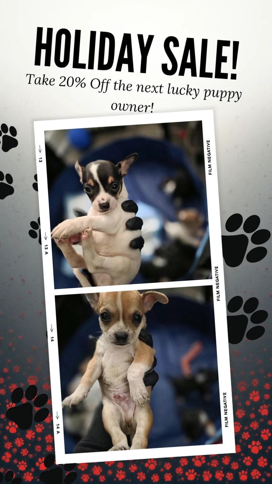Holiday Sale 20% Off to the next customer that rehomes a puppy.
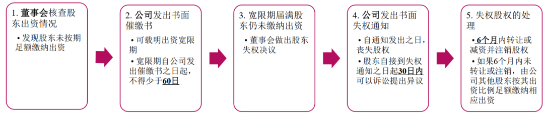 其他股东还需注意的是,如因某位股东经公司催缴仍未缴纳出资而触发股东失权的,其丧失的股权应当自失权日起六个月内依法转让或相应减少注册资本并注销;否则,其他股东须按照出资比例足额缴纳这部分股权对应的出资额,加重了其他股东对公司注册资本的缴付责任。
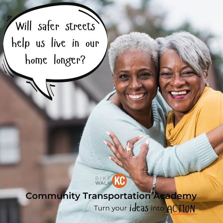 "Will safer streets help us live in our home longer?" Apply for our Community Transportation Academy by 🚨 JUNE 6 🚨 Learn more and apply: https://bikewalkkc.org/advocacy/academy/ Turn your IDEAS into ACTION! At the Community Transportation Academy, we will talk about how the Greater Kansas City transportation system is planned, designed, funded, and built (and how to demand a brighter future for your community). Open to metro residents of Clay, Jackson, Johnson, Platte, and Wyandotte counties. #StreetsForPeople #BikeWalkKC (fb)
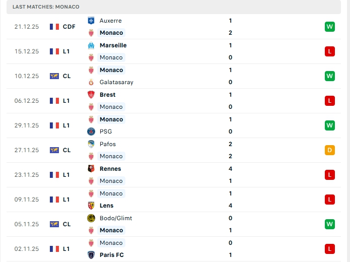 Monaco sau 16 trận đấu họ có được 7 chiến thắng và 2 hòa và 7 thất bại, mang về 23 điểm và đang xếp ở vị trí thứ 9 trên BXH, Monaco ở vòng đấu gần nhất họ nhận thất bại 0-1 trước Marseille, phong độ thời gian qua của Monaco là thiếu ổn định, dù vậy trên sân nhà ở sân chơi Ligue Monaco đang chơi tốt với 5 chiến thắng, 1 hòa và 2 thất bại sau 8 trận đấu.
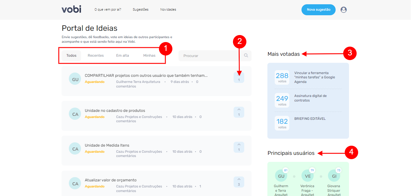 No canto direito da tela de Sugestões, você encontrará as três ideias mais votadas atualmente (3), além dos três usuários (4) que mais compartilham suas ideias no nosso Portal!
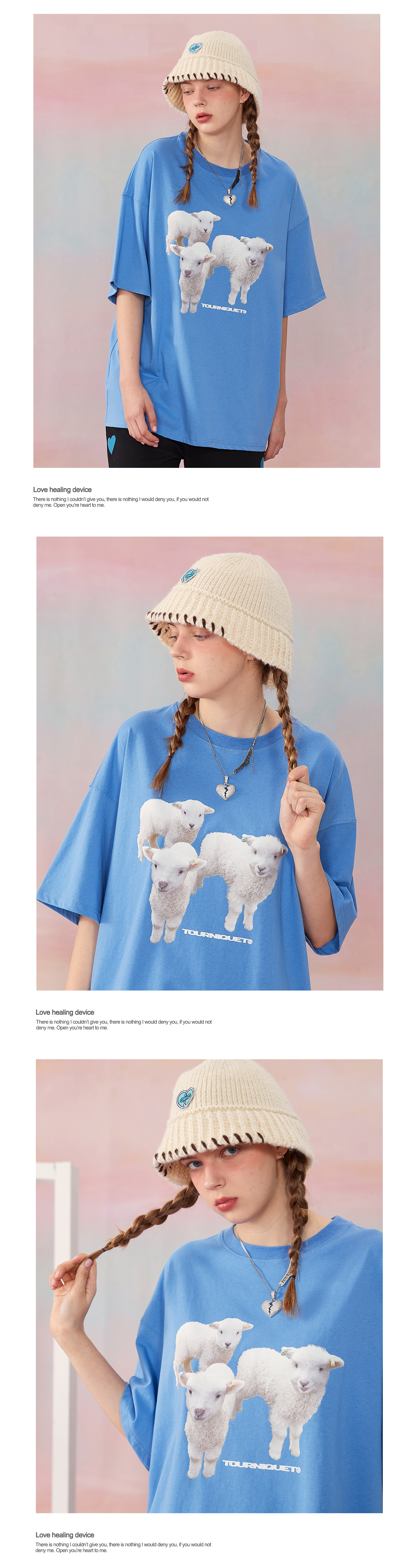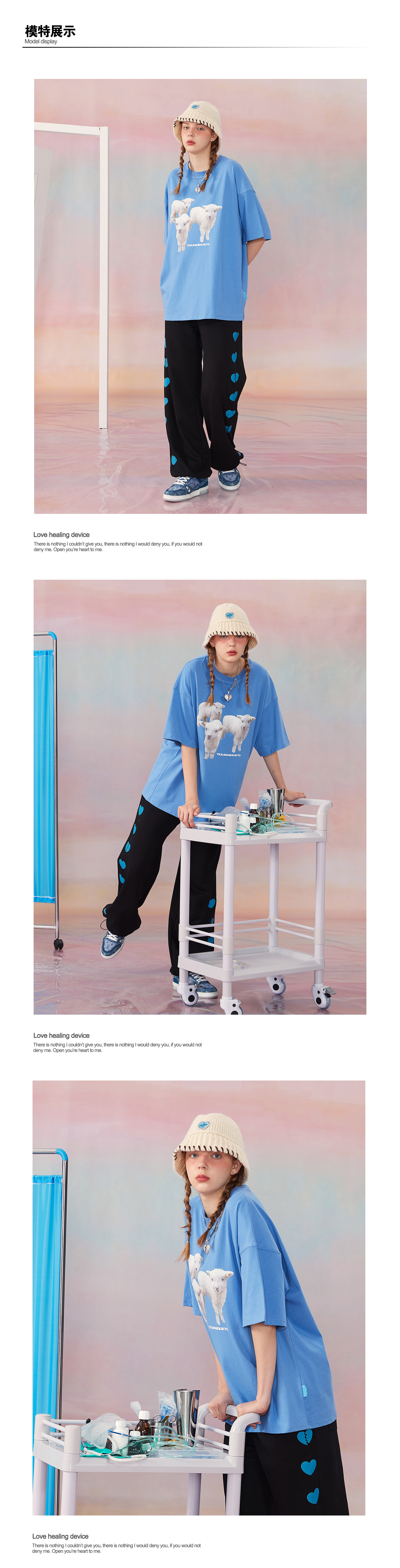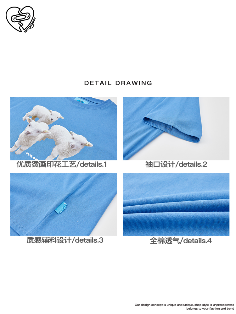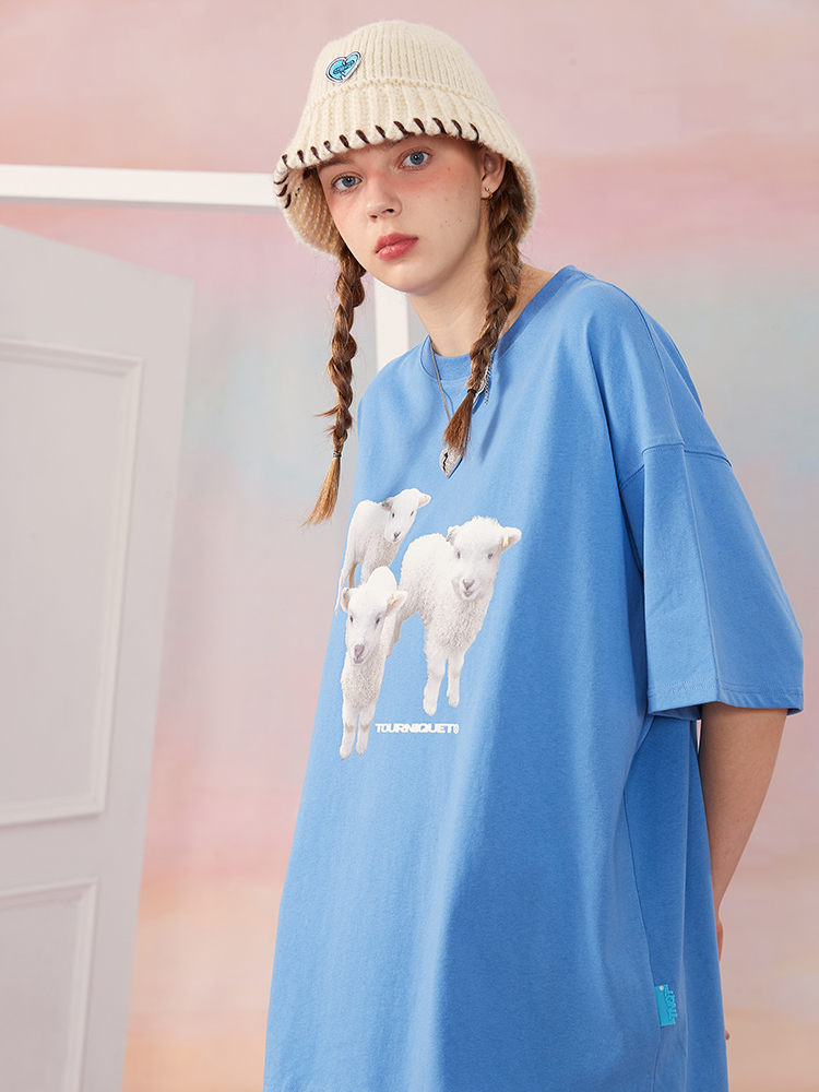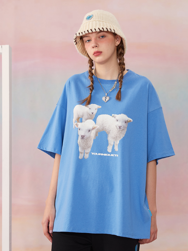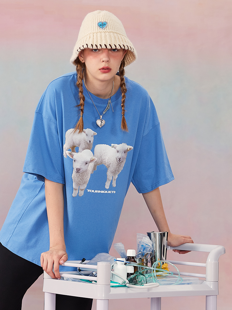 夏季新款ins三只小羊烫画印花休闲上衣短袖基础TEE情侣男女
* * * *
PROBLEM STATEMENT ::
Copy exactly the lines running from the beginning of the listing through the line that has "其他股东还需注意的是,如因某". Drop the pictures.

ANSWER SECTION ::
Holiday Sale 20% Off to the next customer that rehomes a puppy.
 其他股东还需注意的是,如因某位股东经公司催缴仍未缴纳出资而触发股东失权的,其丧失的股权应当自失权日起六个月内依法转让或相应减少注册资本并注销;否则,其他股东须按照出资比例足额缴纳这部分股权对应的出资额,加重了其他股东对公司注册资本的缴付责任。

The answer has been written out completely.